Miskolci (2017) favorece a compreensão quando aponta:

Quando um regime de representação serve aos grupos socialmente privilegiados, ele influencia as mídias a retratarem grupos historicamente subalternizados como mulheres, negros, homossexuais e imigrantes de forma injusta e distorcida. Quer sejam invisibilizados e, portanto, ignorados como se não fizessem parte da sociedade, quer sejam hipervisibilizados como inferiores, perigosos ou monstruosos, terminam por serem compreendidos e tratados como um problema social, objeto de repreensão moral, perseguição política ou práticas normalizadoras. (MISKOLCI, 2017. p, 270)

E construir a imagem da comunidade LGBTI com relatos sobre temas legítimos e comuns tendem a agregar mais, pois outros indivíduos se identificam e passam a reforçar a imagem que se cria. A visibilidade acaba por ser negociada com a conquista de um espaço, que parece ser de uma pessoa, mas que na verdade tem outros símbolos incorporados. Se o indivíduo que faz parte dessa classe ou comunidade e se posiciona publicamente, ele pretende reconstruir a imagem de si, que pode ter influência, a depender de sua repercussão, na modificação da imagem atual de seu grupo ou comunidade.

A pesquisa de Miskolci (2017) volta-se aos relacionamentos que se originam no Grindr, aplicativo de relacionamentos de homens gays, em que muitos dos que ali se

mostram constroem uma imagem máscula e viril, performando a heteronormatividade e condenando os homens gays que não a fazem. É importante ressaltar que a pesquisa em que se ancora este trabalho caminha em outra direção. Primeiramente porque se trata da comunidade LGBTI como um todo, não restringe às performances heteronormativas de homens gays, pelo contrário, a visibilidade que é trazida no contexto desta pesquisa é no sentido de quebrar padrões.
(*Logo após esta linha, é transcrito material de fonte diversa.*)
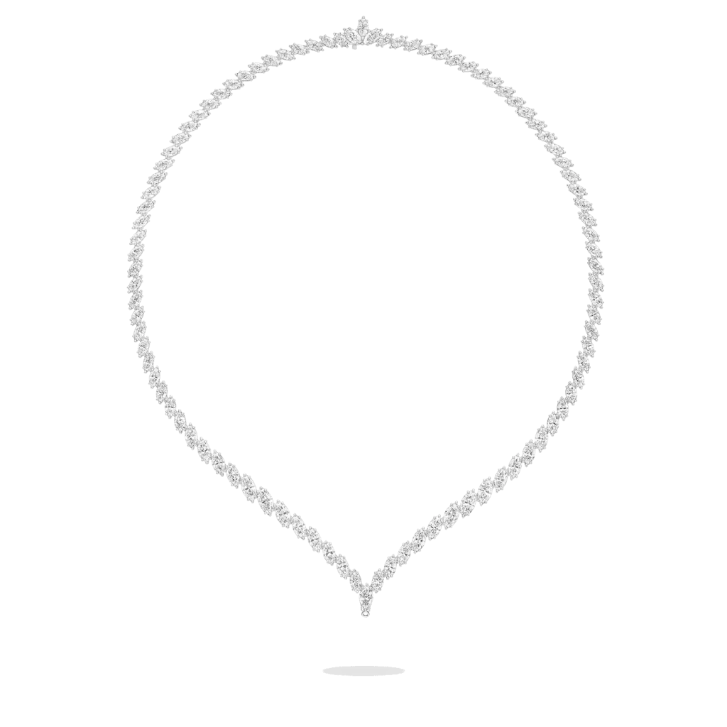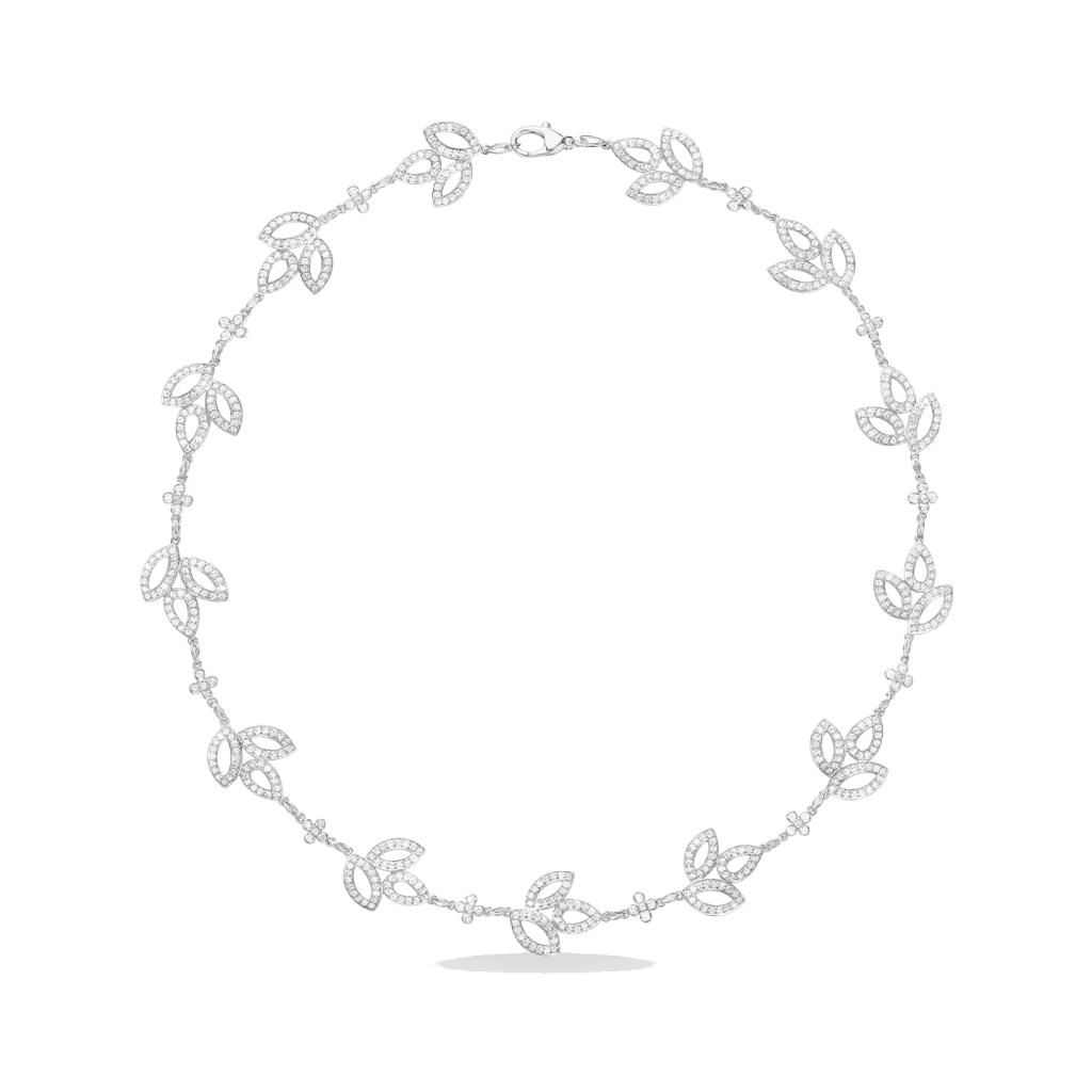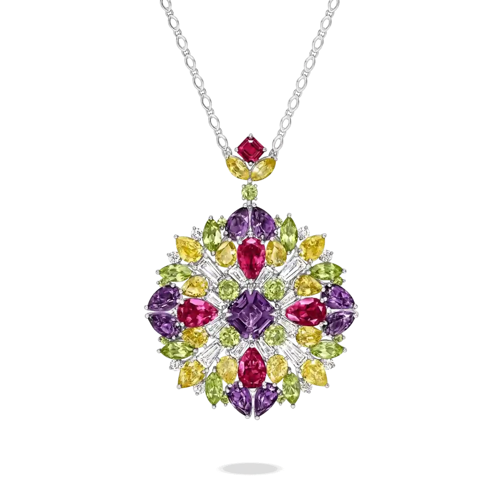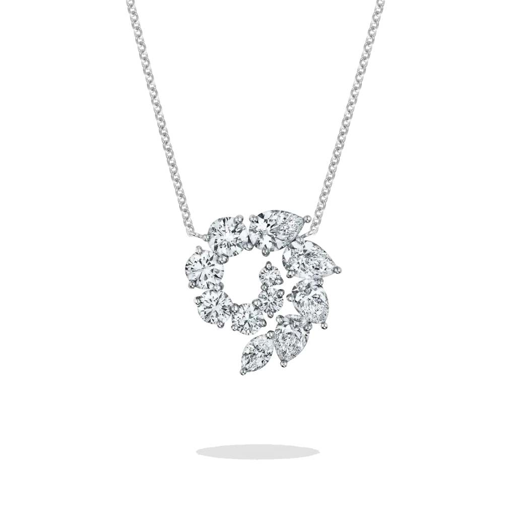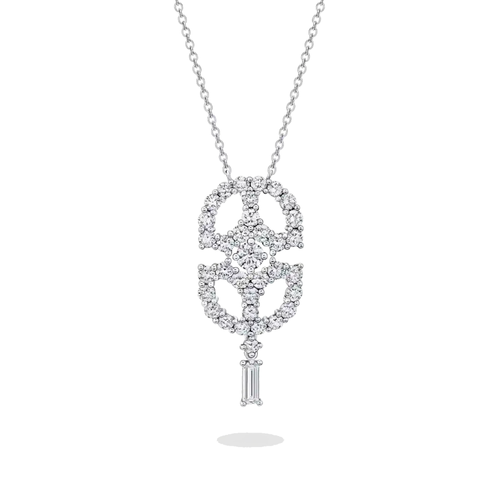 Abili’s diamond pendants, set in platinum or yellow gold, offer a more delicate interpretation of the House’s signature fine jewelry aesthetic.
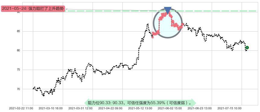♘ 阻力价格位90.33,可信任强度55.39%,距离最后交易2021-07-19 15:00形成的收盘价格80.75相差 +11.86%
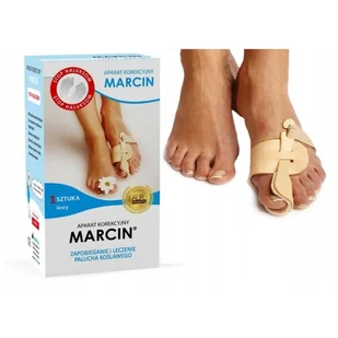 Aparat korekcyjny MARCIN pomaga w łagodzeniu bólu i zatrzymaniu rozwoju wady. Może być używany zarówno w trakcie snu jak i wypoczynku. Nie należy w nim chodzić. Aparat ten, w przeciwieństwie do aparatów, w których można chodzić, umożliwia silniejsze odwodzenie palucha, przez co jego skuteczność jest znacznie większa. W aparacie zastosowano elementy z naturalnej skóry, dzięki czemu aparat jest trwały i bezpieczny.
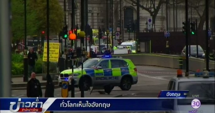 ข่าวค่ำ (ต่างประเทศ) วันพฤหัสบดีที่ 23 มีนาคม 2560 อังกฤษเฝ้าระวังเข้มหลังเหตุโจมตีกลางลอนดอน ผู้นำเอเชียเสียใจเหตุโจมตีกรุงลอนดอน-ประณามผู้ก่อเหตุ ไทยสั่งเฝ้าระวังสถานที่สำคัญ ยืนยันเหตุโจมตีลอนดอนไม่กระทบไทย
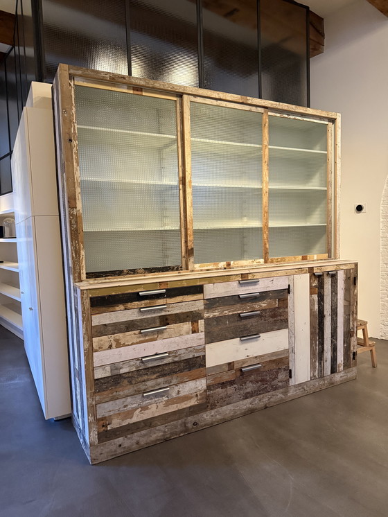 Questa credenza da cucina Piet Hein Eek è un pezzo straordinario che misura 244 x 244 x 60 cm. Realizzata in legno di recupero, presenta un esclusivo design patchwork con una combinazione di pannelli marroni, bianchi e multicolori. La sezione superiore è dotata di ante in vetro con vetro texturizzato, che offrono un'elegante superficie espositiva. La credenza è perfetta per aggiungere un tocco rustico a qualsiasi cucina o sala da pranzo.
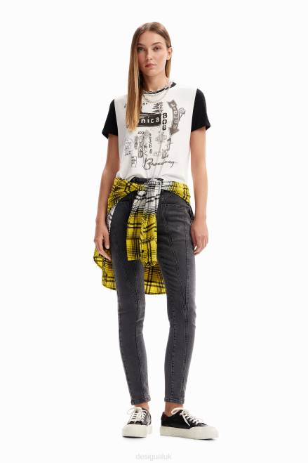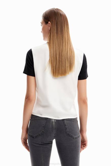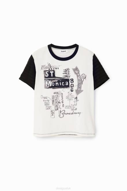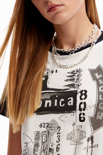 A short-sleeve T-shirt with an illustration print on the front and knit sleeves with stripes and transparency.
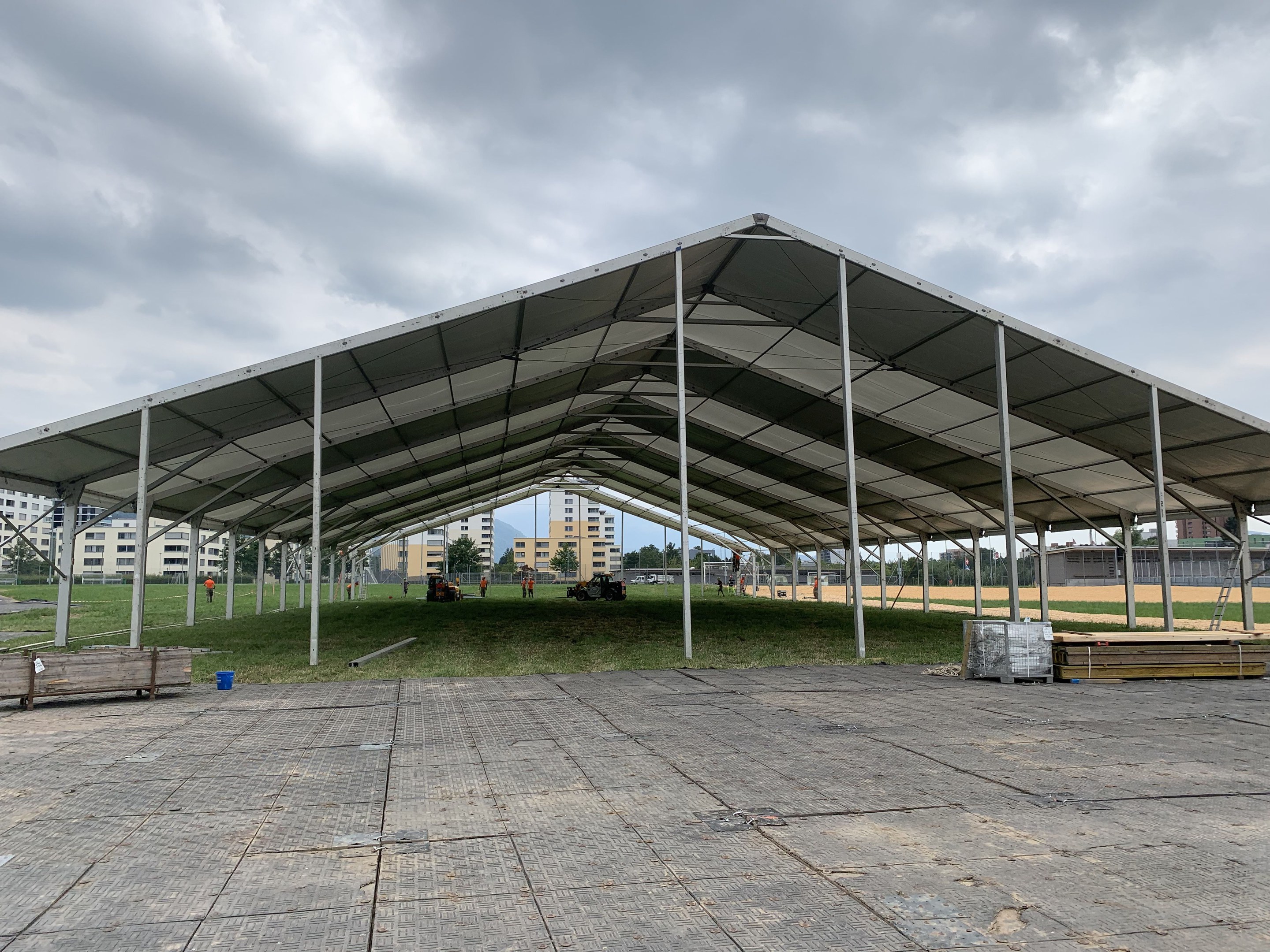 Bild 2: Aufbau Zelt und Verlegen der Bodenplatten
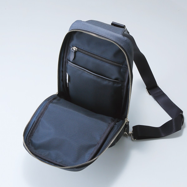 内容:前面=ファスナー式ポケット×1・背面=ファスナー式ポケット×1・内側=オープンポケット×1、ファスナー式ポケット×1開閉=ダブルファスナー式
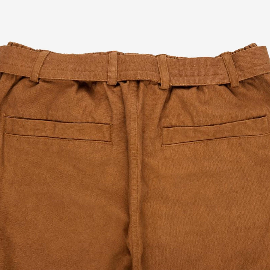 New for FW22, the Service Pant is a straight leg pant with an elastic waist and self-fabric belt. The elastic waist allows for choice between multiple sizes and the self fabric belt can be removed and replaced with a traditional belt if preferred. The pant features a single angled thigh pocket with a zip closure, angled front pockets and welt back pockets.
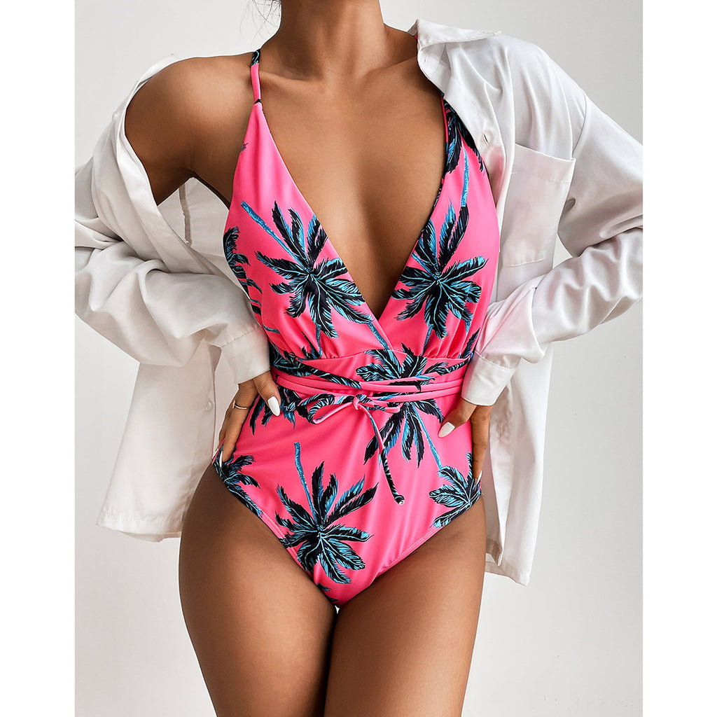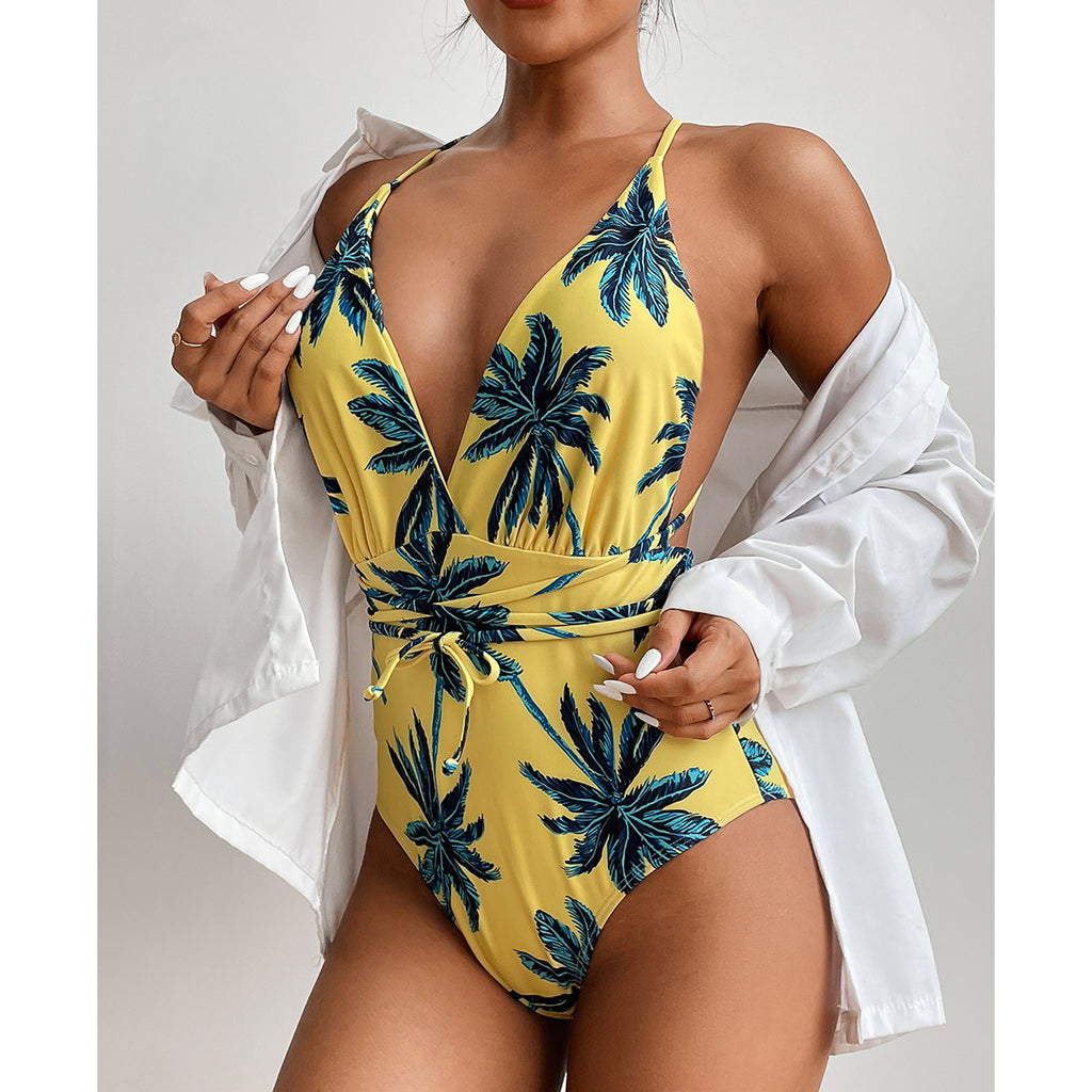 एक टुकड़ा उष्णकटिबंधीय पेड़ वी-गर्दन स्विमिंग सूट
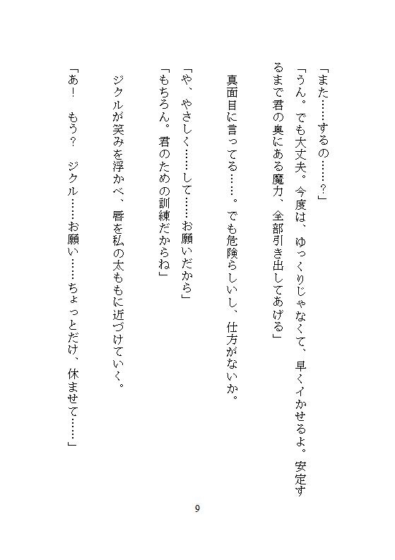師匠と弟子の禁断の境界線が曖牲になるほどに、二人の関係は快感と魔力で絡み合っていく。魔核は快感に共鳴し、絶頂のたびに奥深くでとろけるように開かれる。快感と魔力の連動が、私の心も身体も、すべてを溶かしていくのだった。
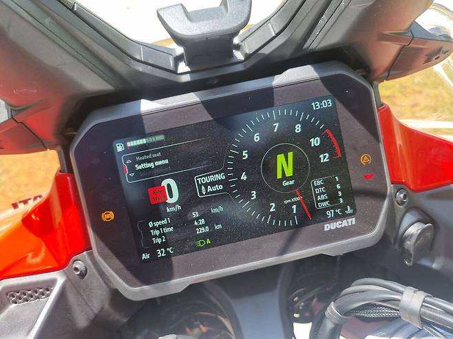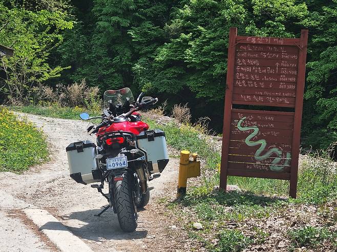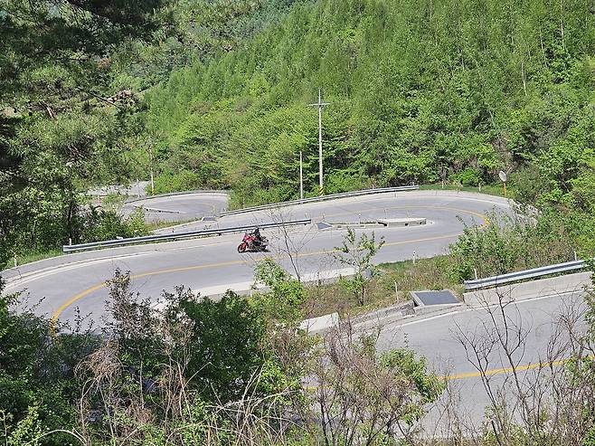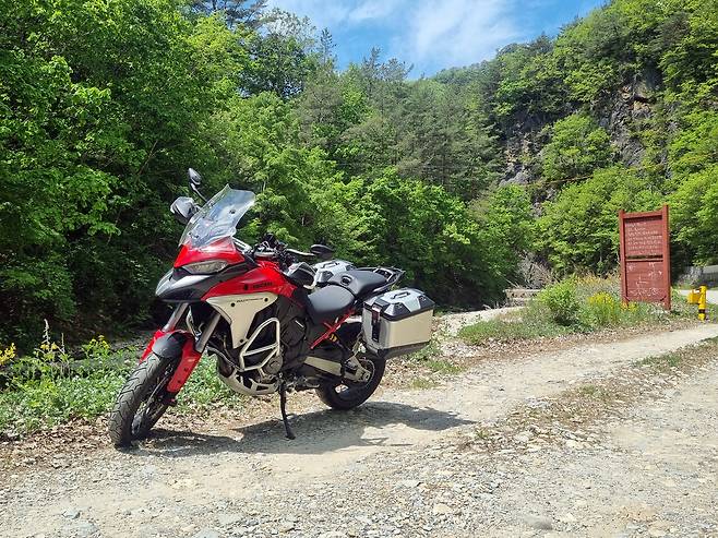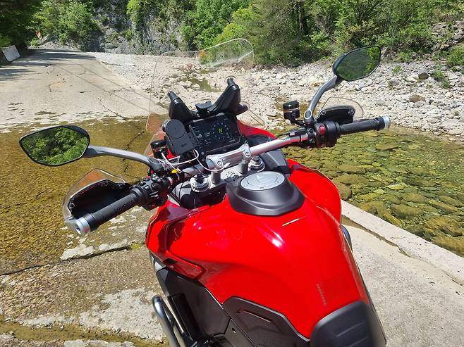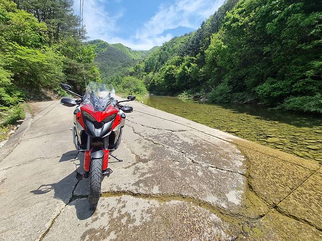 국도엔 제법 차량이 많았다. 이때 최고의 성능을 발휘하는 게 어댑티브 레이더 크루즈 컨트롤 (Adaptive Radar Cruise Control). 적당한 속도에 맞춰 세팅을 해 놓으면 앞 차와 안정적인 거리를 유지하면서 항속을 하는 기능이다. 덕분에 아름다운 5월의 신록을 두 눈에 가득 담을 수 있는 행복한 시간이었다. 라이딩 내내 스로틀을 쥐어짜고 있을 필요가 없기 때문에 장거리 연속 투어 이후에 찾아오는 '오른손 저림 현상'이라는 불청객도 피할 수 있었다.

O homem masculino ideal se torna uma figura satirizada naquele ambiente. Observa-se que a visibilidade buscada no seu interior questiona a heteronormatividade. O grupo faz uso do ambiente da internet para tecer e tornar visível outra imagem de si, ainda que seja entre seus pares, uma forma de resistir e negar a imagem historicamente construída da comunidade LGBTI, que a menospreza e inferioriza socialmente.